Даже если это легенда, она мне очень нравится. Думаю, профессию учителя иначе и нельзя себе представить. Говорящие всякие гадости о школе не принимают в расчет того, сколько детей она спасла от пороков, предрассудков, чванства, невежества, глупости, алчности, от косности или покорности судьбе, царивших в их семьях.
Такой вот Дядюшка.
И вдруг, три поколения спустя, я — двоечник!
Какой позор для Дядюшки, если бы он только знал… К счастью, он умер до моего рождения.
И дело не только в славном прошлом. Последний представитель все более и более дипломированной династии, я был просто социально запрограммирован на то, чтобы стать красой и гордостью фамилии: сначала Политехнический или Педагогический институт[7], потом, очевидно, Национальная школа администрации, Счетная палата, ну там министерство какое-нибудь… Никак не меньше. Затем должен последовать результативный брак и производство на свет детишек, с самой колыбели предназначенных к учебе в Лицее Людовика Великого и поступательному движению к кормилу власти либо в Елисейском дворце, либо в каком-нибудь транснациональном косметическом консорциуме. Банальнейший социальный дарвинизм, воспроизведение элиты…
Ан нет — двоечник.
Двоечник — без какого бы то ни было исторического обоснования, без социологических причин, без нелюбви, сам по себе двоечник. Единица измерения.
Почему?
Ответ на это можно было бы, вероятно, найти в кабинете психолога, но в то время школьный психолог еще не заменил семью. А потому обходились подручными средствами.

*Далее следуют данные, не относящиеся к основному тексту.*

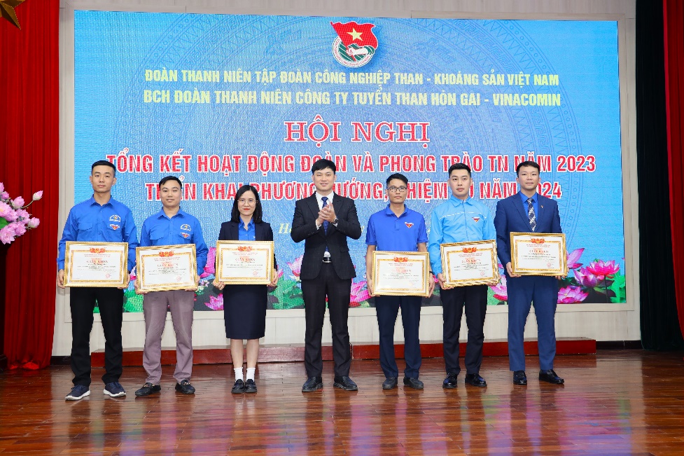Nhân dịp này, Đoàn Thanh niên TKV đã trao tặng Giấy khen cho 05 tập thể và 06 cá nhân có thành tích xuất sắc. Hội nghị cũng đã tuyên dương 09  tập thể có thành tích tiêu biểu trong hoạt động công tác Đoàn và phong trào thanh niên, đồng thời trao giấy chứng nhận cho 18 đoàn viên tiêu biểu trưởng thành Đoàn năm 2023.

У Бернара, например, свое объяснение:
— В шесть лет в Джибути[8] ты упал в помойку.
— В шесть лет? То есть в год буквы «а»?
— Ну да. На самом деле это была городская свалка. И ты свалился туда с забора. Не помню уж, сколько времени ты там мариновался. Ты пропал, тебя везде искали, а ты в это время барахтался там под палящим солнцем — думаю, было что-то около шестидесяти градусов. Страшно себе представить, на что это было похоже.
В конечном счете, образ помойки вполне соответствует чувствам ученика, окончательно потерянного для школы, ощущающего себя каким-то мусором. Кроме того, я не раз слышал слово «помойка» в применении к частным учебным заведениям, принимающим (за какие деньги?) отбросы средней школы. Я провел в такой «помойке» несколько лет, с пятого по первый класс, на пансионе. И среди всех учителей, которых я там пережил, было четверо, которые меня спасли.
— Когда тебя выудили из помоев, ты заболел — сепсис. Два месяца тебя кололи пенициллином. Несладко тогда тебе пришлось, ты трясся, как заяц. Как только медсестра бралась за шприц, тебя часами приходилось искать по всему дому. Однажды ты укрылся в шкафу, который упал на тебя.
Боязнь уколов — вот красноречивая метафора: все школьные годы я провел, скрываясь от учителей, которых представлял себе этакими Диафуарусами[9], вооруженными гигантскими шприцами и только и думающими, как бы засадить укол бедному ребенку (прекрасно помню эту жгучую боль от пенициллина пятидесятых годов — будто под кожу впрыскивают расплавленное олово).
В любом случае, да, именно страх был главным чувством в мои школьные годы — и главным препятствием. А потому, став учителем, я первым делом стараюсь искоренить страх в своих двоечниках, чтобы снять это препятствие и дать знаниям шанс просочиться в их головы.
Мне приснился сон. Не детский, а сегодняшний, связанный с этой самой книгой, которую я пишу.